Memalot _can_ be used as a context manager. However, it is generally recommended to use the `@leak_monitor` decorator instead, unless this is not possible.

To use Memalot as a context manager, call `create_leak_monitor` once, and then use the returned object as a context manager each time you want to monitor memory leaks. For example:

```python
monitor = create_leak_monitor()

with monitor:
    # Code that leaks memory here
```

Note: it is important to call `create_leak_monitor` only once and reuse the returned object each time you want to monitor memory leaks.

## Definition of a Leak

Memalot defines a memory leak as _an object that has lived for longer than is necessary_.

However, note that Memalot cannot distinguish between objects that live for a long time when this is _necessary_ (for example, you want to cache some objects for speed) and when this is _unnecessary_ (for example, you forget to evict stale objects from your cache).
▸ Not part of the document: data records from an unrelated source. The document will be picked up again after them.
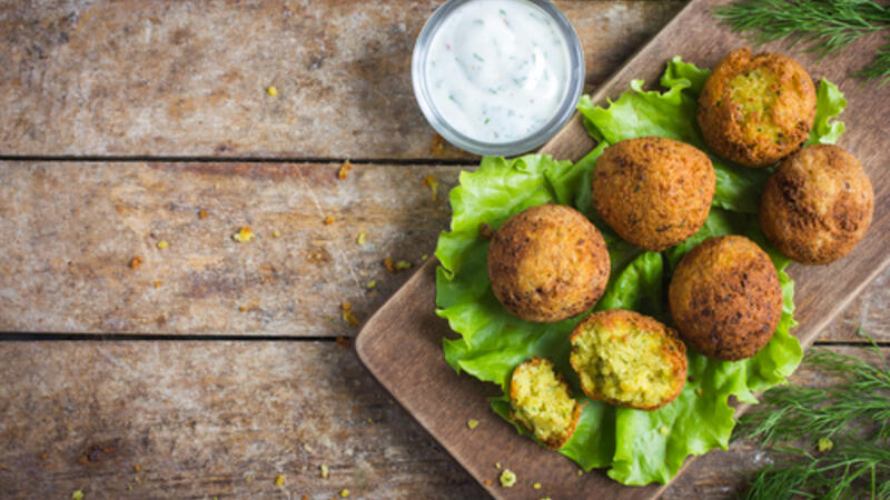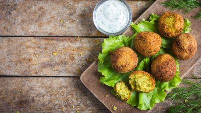 - يحمى الزيت في مقلاه عميقة وتقلى الفلافل بالطريقة التقليدية.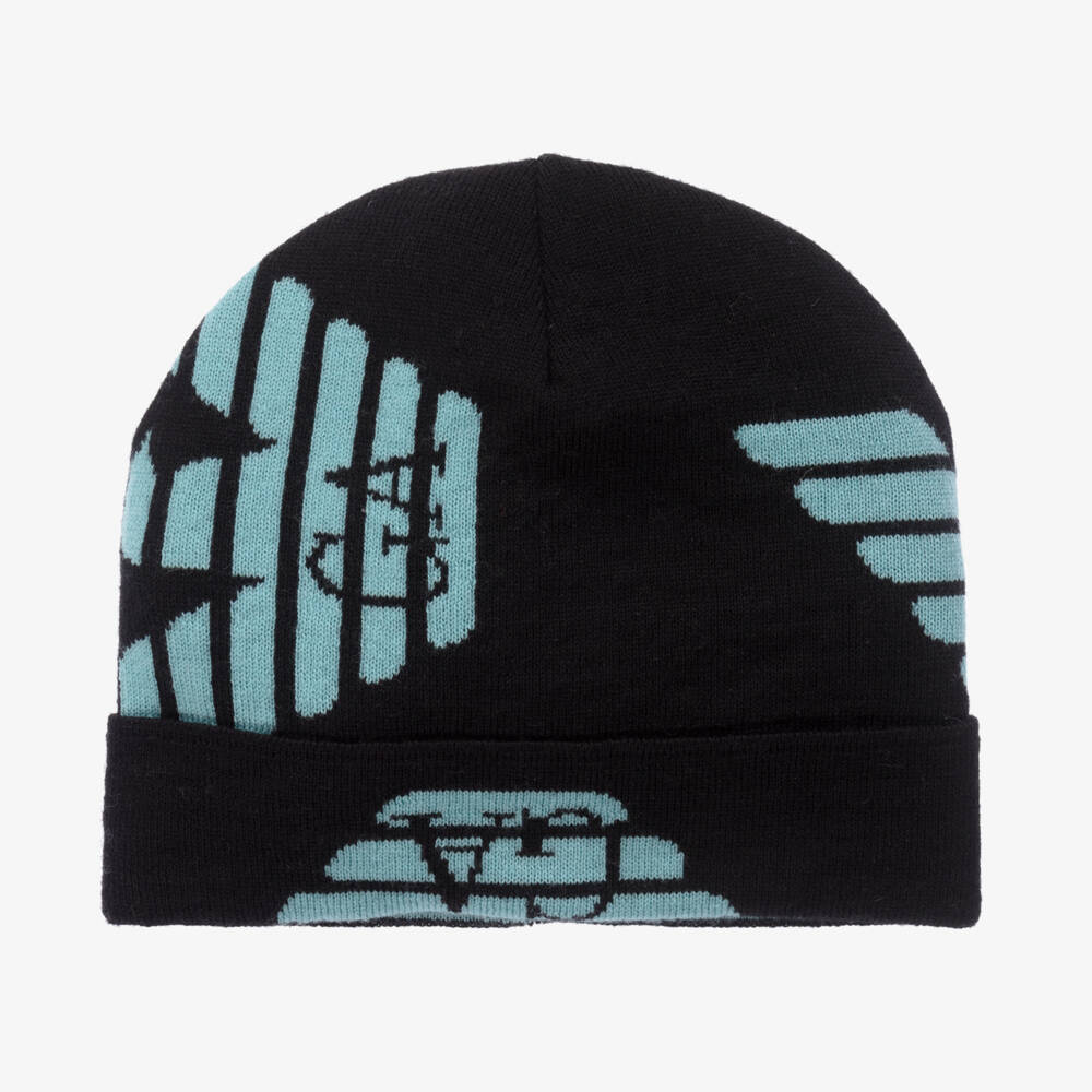 A black and turquoise blue beanie hat for boys from Italian label Emporio Armani. It is knitted in a double layer of super-soft virgin wool for luxurious comfort and warmth. Jacquard Eagle branding decorates the fabric for instant designer appeal.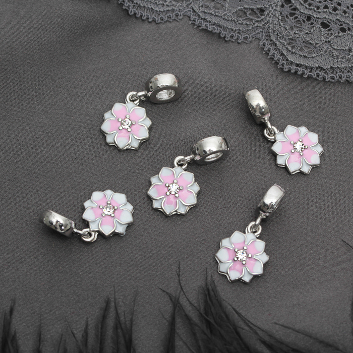 Подвеска «Цветок с эмалью», бело-розовая в серебре

It's up to you to make this distinction.

## Known Limitations

- Memalot is slow. Be wary of using it in a production system.
- Memalot does not guarantee to find *all* leaking objects. If you have leaking objects that are
  created very rarely, Memalot may not detect them. Specifically:
  - Memalot does not find objects that are created while the leak report is being generated. This is mostly applicable to time-based leak discovery.
  - If the `max_object_age_calls` parameter is set to greater than 1 during function-based leak discovery, Memalot will not find objects that are created on some calls to the function.